Word for word, restate the lines from the one containing "Elizabeth &James Luxe" through the last line of the material, and include no pictures.

## Data section

--- START ---

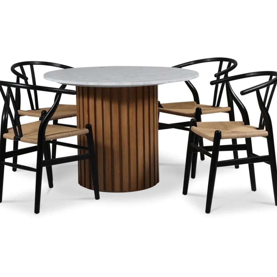 - Sumo matgrupp Ø105 cm inkl. 4 st Brandon svarta matstolar – Oljad ek / Ljus marmor
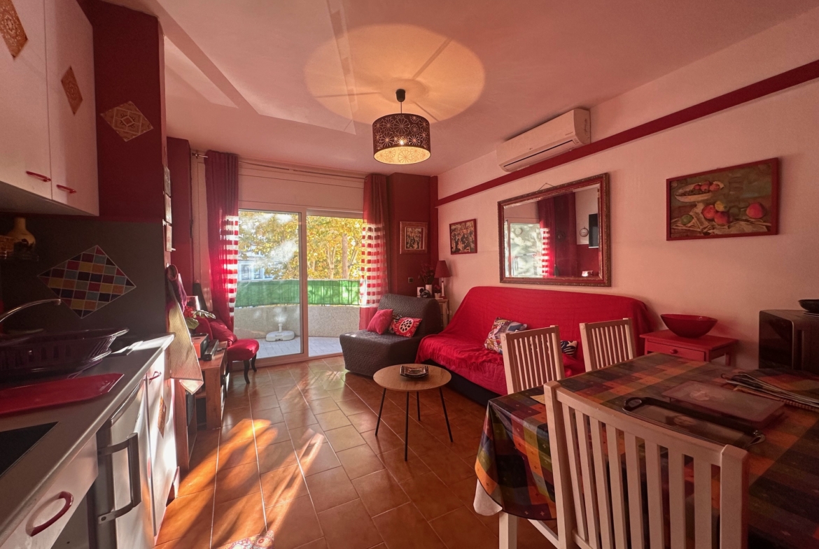 Ubicat a la primera planta d´un edifici recent i segur, compta amb un rebedor que dóna pas a una zona de dormitori i un bany, seguit d´una sala d´estar principal amb cuina equipada, taula de menjador i sala d´estar. També té accés a la terrassa orientada al sud-oest.
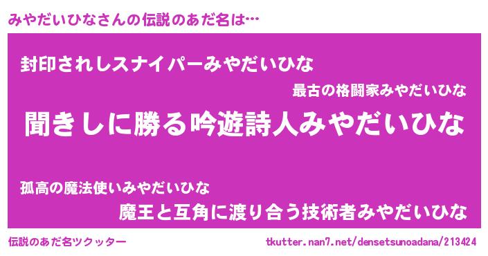 | ヘコむあだ名 | 『みやだいひな(笑)』『みやっふぃ~』 |
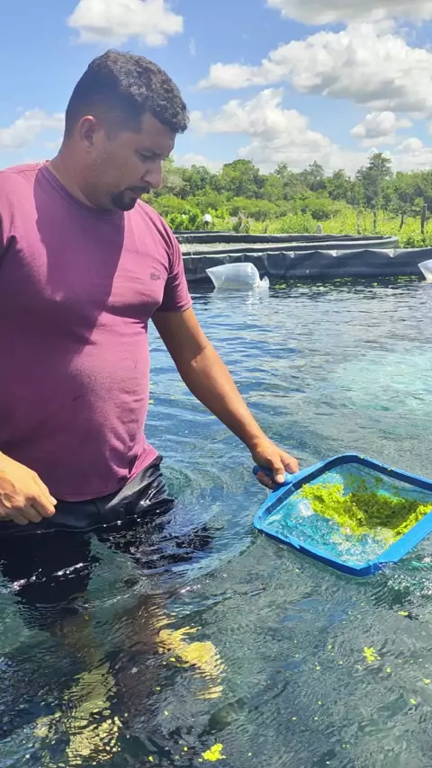Tirando as leminas pros alevinos não comerem
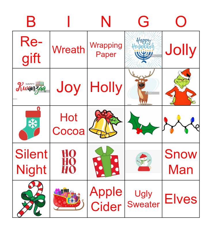 This bingo card has 17 images and 15 words: Ugly Sweater, Egg Nog, Hot Cocoa, Mistle Toe, Silent Night, Joy, Jolly, Snow Man, Wreath, Elves, Holly, Wrapping Paper, Apple Cider, Re-gift and Apple Cider.
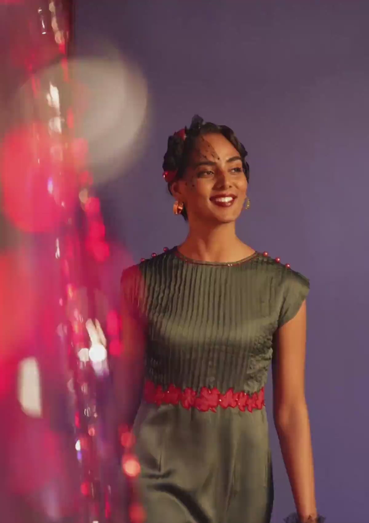 Emerald Dew - Dark Olive Butter Crepe Cocktail Dress
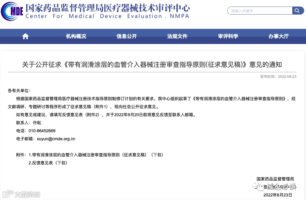 2022年8月23日,国家药品监督管理局医疗器械技术审评中心发布关于公开征求《带有润滑涂层的血管介入器械注册审查指导原则(征求意见稿)》意见的通知,意见或建议,须在2022年9月20日前反馈。
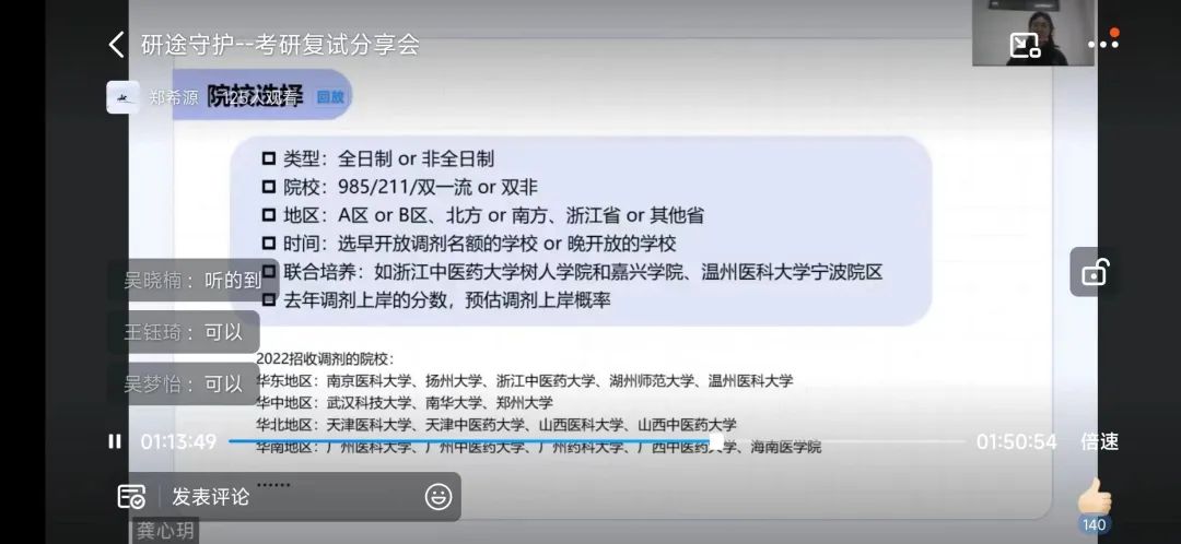 2023年3月19日下午,taptap点点官网入口就业指导服务中心举办了“研途守护”线上考研复试分享会,邀请了考入浙江中医药大学的姚佳盈学姐、安徽中医药大学的龚心玥学姐和taptap点点官方网站的傅莹洁学姐,为同学们进行考研复试专场经验分享。
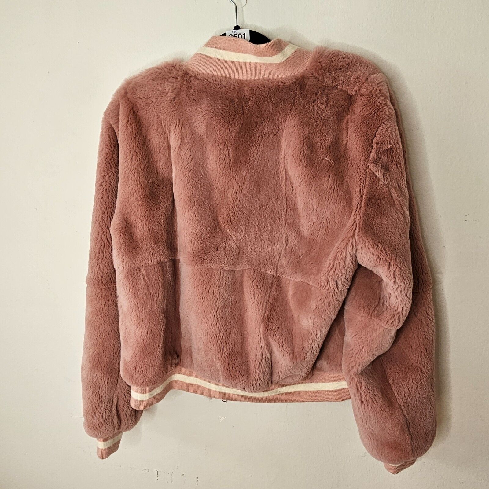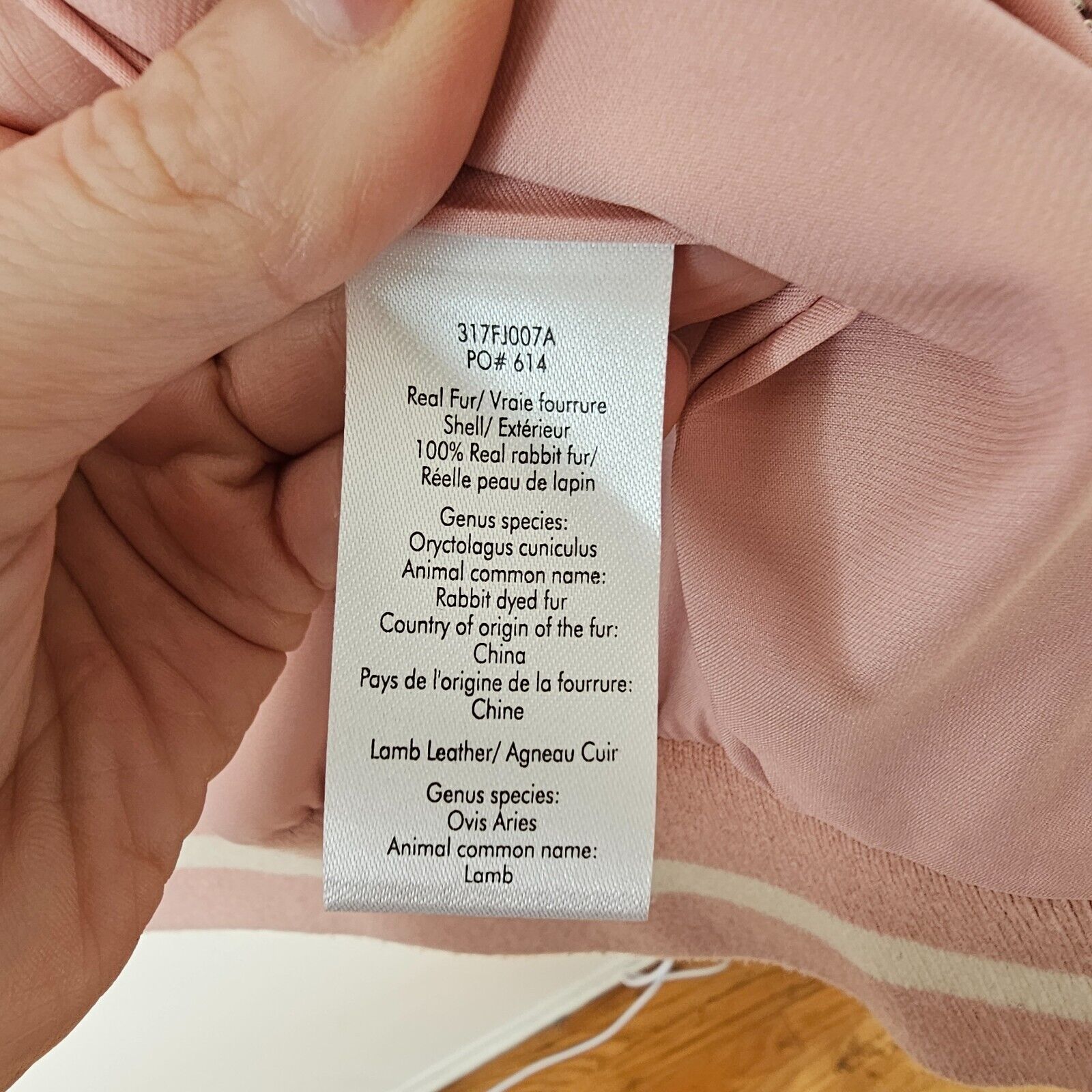 Elizabeth &James Luxe Pink Dahlia Rabbit Fur Banded Jacket Front Zip Pockets L
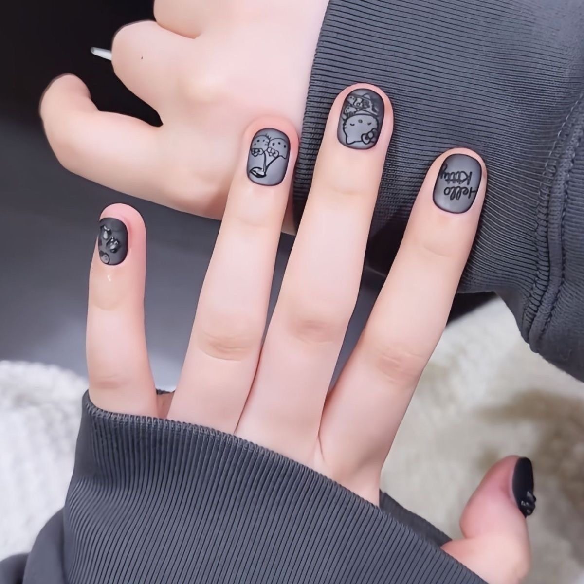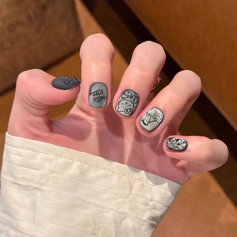 穿戴甲短款美甲手工黑色磨砂猫眼可爱法式显白ins新年黑皮甲油胶
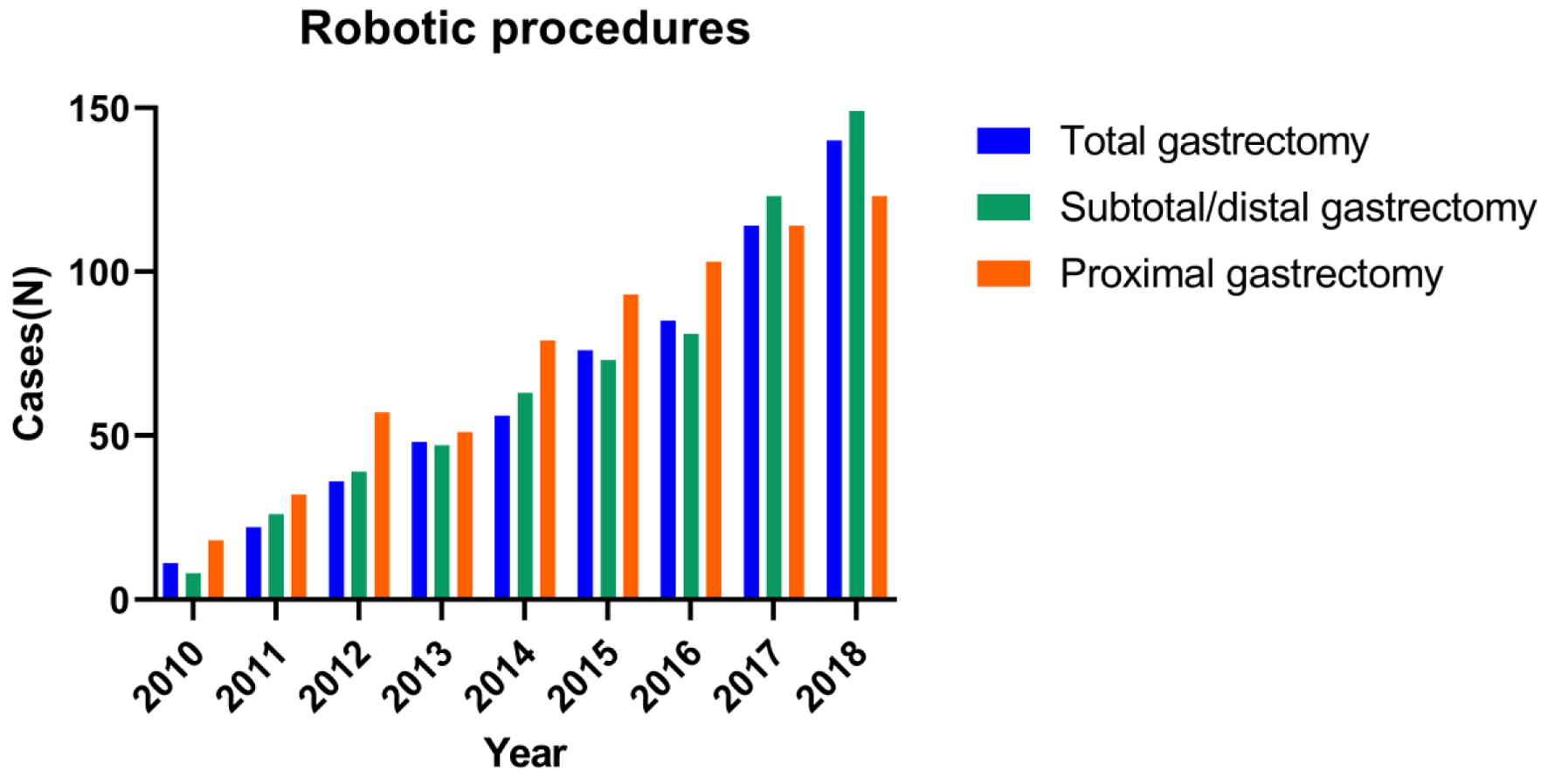 ![]() Click for large image | Figure 2. Trends in the use of the three major procedures of robotic gastrectomy. |
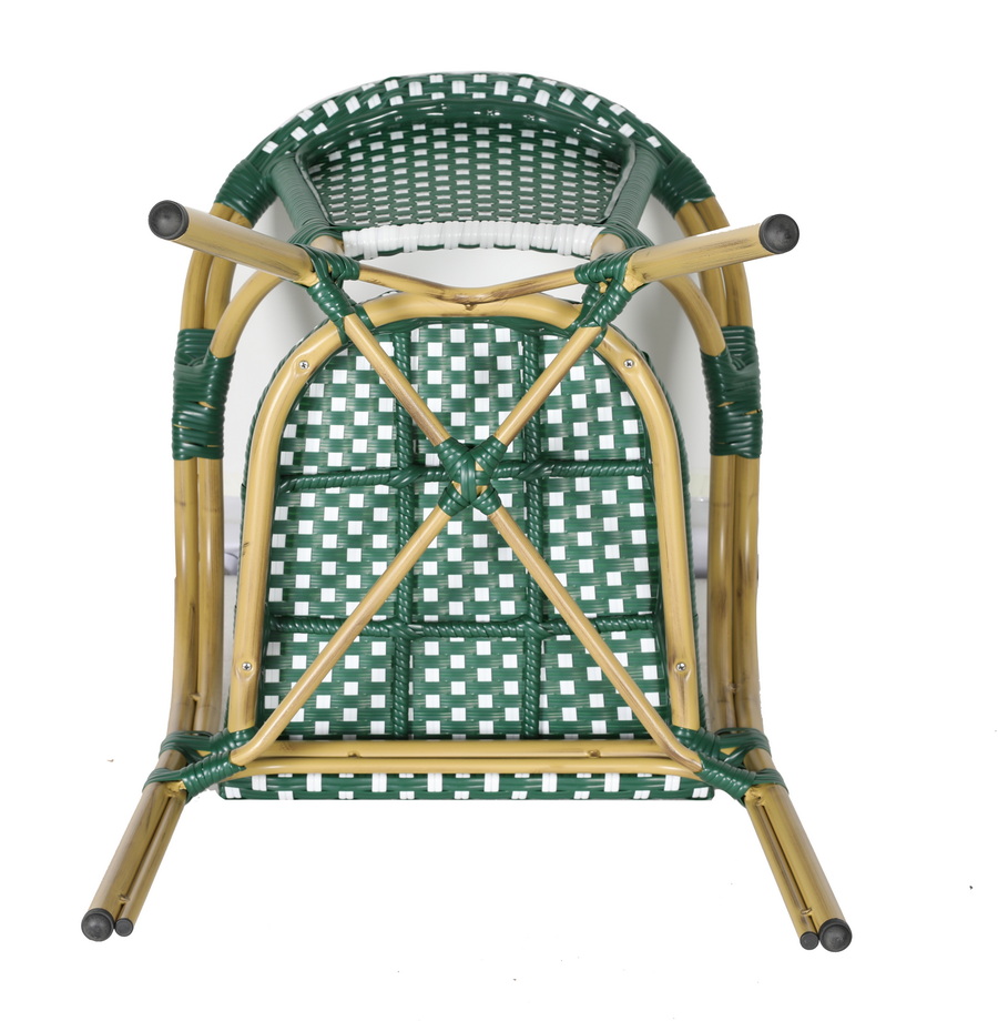 Плетение выполнено вручную из плоского искусственного ротанга 12х1,3 мм. Цвет оплетки - бело-зеленый.
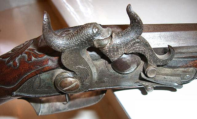 Die Umbauarbeiten auf das Perkussionssystem hingegen wurden ganz offensichtlich in den 1840er-Jahren durchgeführt, zu einer Zeit also, als die Waffe schon gut 100 Jahre alt war. Das Anbringen einer Pistonsicherung, welche die Batteriefeder als Stütze verwendete, kam um diese Zeit auf, ein Detail, welches sogar von der preußischen Armee ab 1850 für ihre Kavalleriefeuerwaffen angenommen wurde.
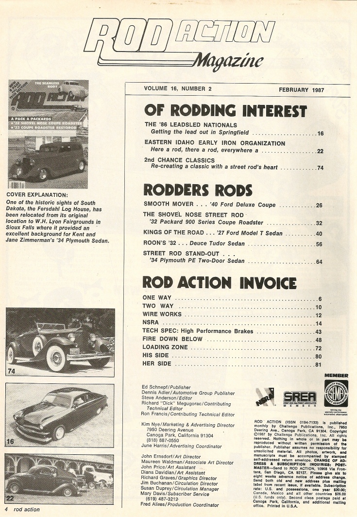 Reviews ROD ACTION 1987 FEB - LEADSLED NATS, 32 PACKARD ROD, PERFORMANCE BRAKES
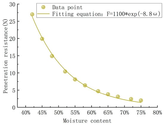Fitting curves of different water content and penetration resistance.
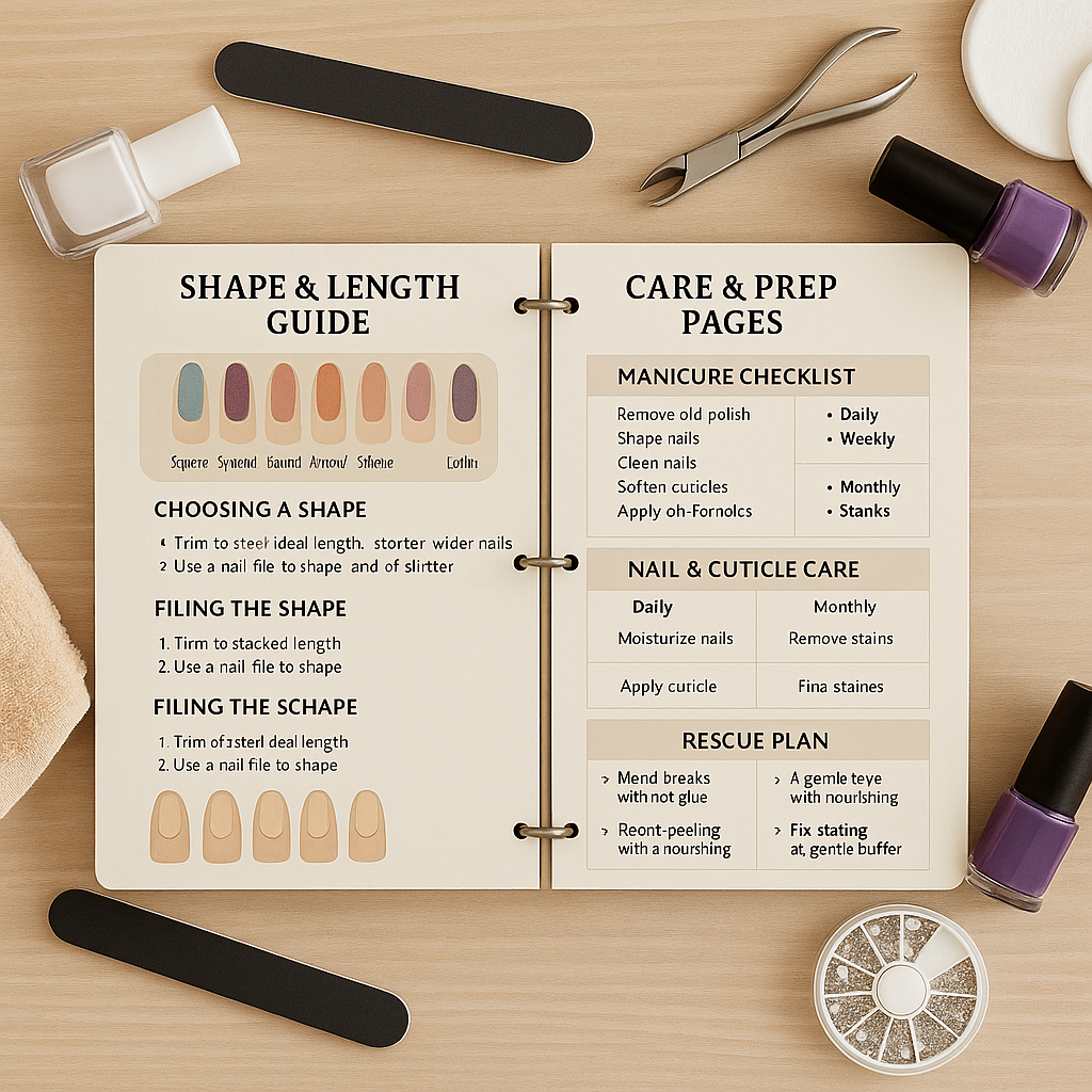 Master the key elements of nail design with Nail Art Notes Worksheets. These pages help you plan your looks, track results, and refine what works best for your style. From nail preparation and polish layering to color blending and finish perfection – you’ll have everything you need to stay consistent, avoid mistakes, and create your best nail art yet. It’s time to design your goals the simple way.
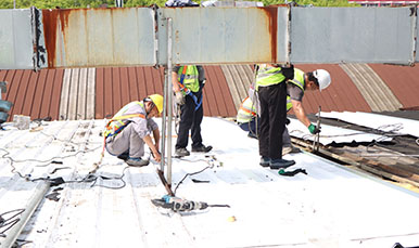 融合防水瓦的熱焊接工藝和彩鋼瓦機械固定連接工藝在連接方式、防水性能、連接強度、施工效率等方面存在區別,具體如下:連接方式熱焊接工藝:通過熱風槍等設備產生高溫熱風,將融合防水瓦的高分子面層(如 TPO、PVC 等)加熱至熔融狀態,使相鄰瓦片的接口處熔融并固化,形成與基材同質的無縫連接。機械固定連接工藝:利用自攻釘、螺栓、螺母等機械緊固件,將彩鋼瓦固定在屋面檁條或其他支撐結構上,通...
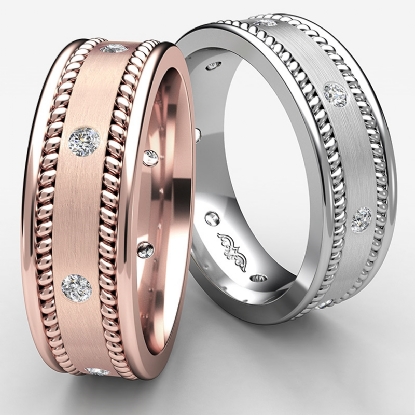 This modern diamond eternity men's wedding band crafted in 14k Rose Gold. Featuring highly polished rope edges in yellow gold with round diamonds set in a bezel setting.
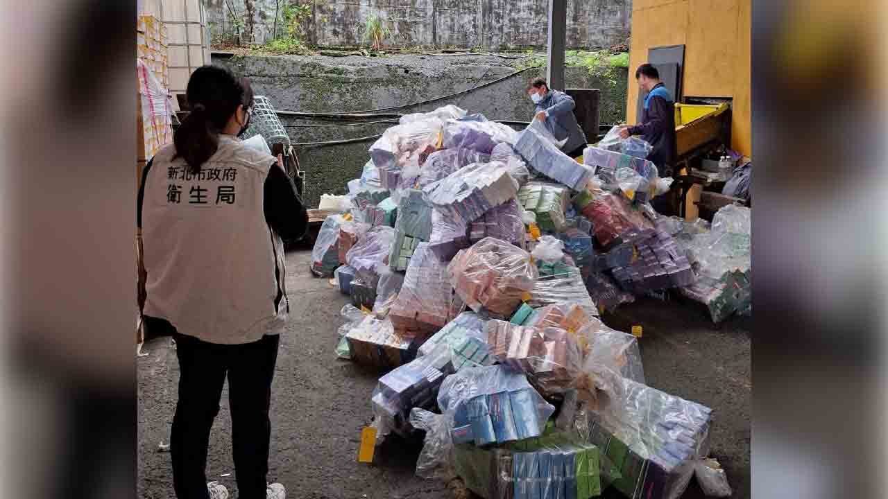 ↑圖說:從走私數量來看,一年幾十萬條走私加熱菸的數量,凸顯出台灣對加熱菸的剛性需求。圖為今年1月新北市衛生局銷毀6萬多條加熱菸畫面。(圖片來源:新北衞生局提供)

--- END ---

## Result of this task
 Elizabeth &James Luxe Pink Dahlia Rabbit Fur Banded Jacket Front Zip Pockets L
 穿戴甲短款美甲手工黑色磨砂猫眼可爱法式显白ins新年黑皮甲油胶
 ![]() Click for large image | Figure 2. Trends in the use of the three major procedures of robotic gastrectomy. |
 Плетение выполнено вручную из плоского искусственного ротанга 12х1,3 мм. Цвет оплетки - бело-зеленый.
 Die Umbauarbeiten auf das Perkussionssystem hingegen wurden ganz offensichtlich in den 1840er-Jahren durchgeführt, zu einer Zeit also, als die Waffe schon gut 100 Jahre alt war. Das Anbringen einer Pistonsicherung, welche die Batteriefeder als Stütze verwendete, kam um diese Zeit auf, ein Detail, welches sogar von der preußischen Armee ab 1850 für ihre Kavalleriefeuerwaffen angenommen wurde.
 Reviews ROD ACTION 1987 FEB - LEADSLED NATS, 32 PACKARD ROD, PERFORMANCE BRAKES
Fitting curves of different water content and penetration resistance.
 Master the key elements of nail design with Nail Art Notes Worksheets. These pages help you plan your looks, track results, and refine what works best for your style. From nail preparation and polish layering to color blending and finish perfection – you’ll have everything you need to stay consistent, avoid mistakes, and create your best nail art yet. It’s time to design your goals the simple way.
 融合防水瓦的熱焊接工藝和彩鋼瓦機械固定連接工藝在連接方式、防水性能、連接強度、施工效率等方面存在區別,具體如下:連接方式熱焊接工藝:通過熱風槍等設備產生高溫熱風,將融合防水瓦的高分子面層(如 TPO、PVC 等)加熱至熔融狀態,使相鄰瓦片的接口處熔融并固化,形成與基材同質的無縫連接。機械固定連接工藝:利用自攻釘、螺栓、螺母等機械緊固件,將彩鋼瓦固定在屋面檁條或其他支撐結構上,通...
 This modern diamond eternity men's wedding band crafted in 14k Rose Gold. Featuring highly polished rope edges in yellow gold with round diamonds set in a bezel setting.
 ↑圖說:從走私數量來看,一年幾十萬條走私加熱菸的數量,凸顯出台灣對加熱菸的剛性需求。圖為今年1月新北市衛生局銷毀6萬多條加熱菸畫面。(圖片來源:新北衞生局提供)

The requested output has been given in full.